Like many of you, I’m a member of the FanGraphs and greater advanced baseball community. When sites like FanGraphs and Baseball Prospectus and others make light of the Diamondbacks, fans are quick to retort that the team is younger and doing better than they were in the past. But correlation does not equal causation, which is to say even though these moves have been made, the team’s performance is not necessarily a direct result. Just because the team is close to being .500 again does not mean we should lay off the organization for the process they’re employing. They are making poor baseball decisions left and right, with a few acceptable ones mixed in, and the troubles are yet to be felt. Look no further than this year’s draft, which is just another example of a short-sighted process that will lead to deferred consequences.
The $10 million saved by selling Toussaint might be used this season. Maybe the Diamondbacks will make a run at Johnny Cueto or someone else. That’ll cost them more prospects. Maybe they’ll look for someone with more team control, which may cost even more. The peak of the team’s window for contending is 2017 and Toussaint wasn’t going to help with that. Neither was Bronson Arroyo. Neither will Phil Gosselin. Maybe the team is trying to speed up that window, but doing so will come at a significant cost. Most that cost will be deferred to the future, because if Toussaint wasn’t off limits, one has to wonder who is.

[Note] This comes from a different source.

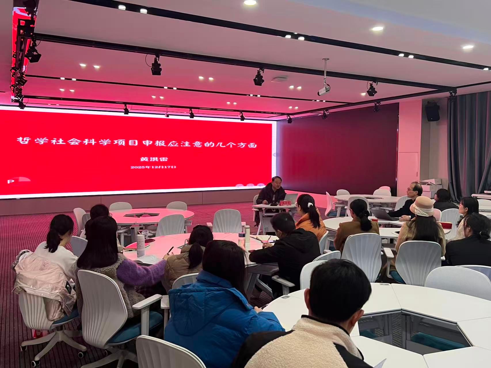 12月17日下午,安徽农业大学马克思主义学院黄洪雷教授应邀来我院举办哲学社会科学项目申报专题讲座,并与学院教师进行交流。马克思主义学院院长陆胜利主持活动,学院全体教师参加活动。

This organization is failing to make smart baseball decisions with any kind of consistency. Giving Nick Ahmed a chance was great. Making room to grow Jake Lamb was, too. But locking themselves out of the international market when they had a financial upper hand, trading Toussaint, dealing promising players for Jeremy Hellickson and they giving themselves no wiggle room in the catching department, causing them to sell short on Trumbo, are all troubling signs. This will catch up with the Arizona Diamondbacks, and just because they’re playing better now does not mean it’ll last. Shooting for 2017 made sense but it required patience, patience that the front office and/or ownership just wasn’t willing to exercise. They’ll pay the price eventually and even with an influx of television money in 18 months, they’ll still have a long hole to climb out of to remain relevant. Meanwhile, we’ll have to sit back and watch this front office tear the team’s future down, one transaction at a time, unless they get their acts together quickly. And even then, it may be too late because you can’t fix a problem you don’t even acknowledge exists.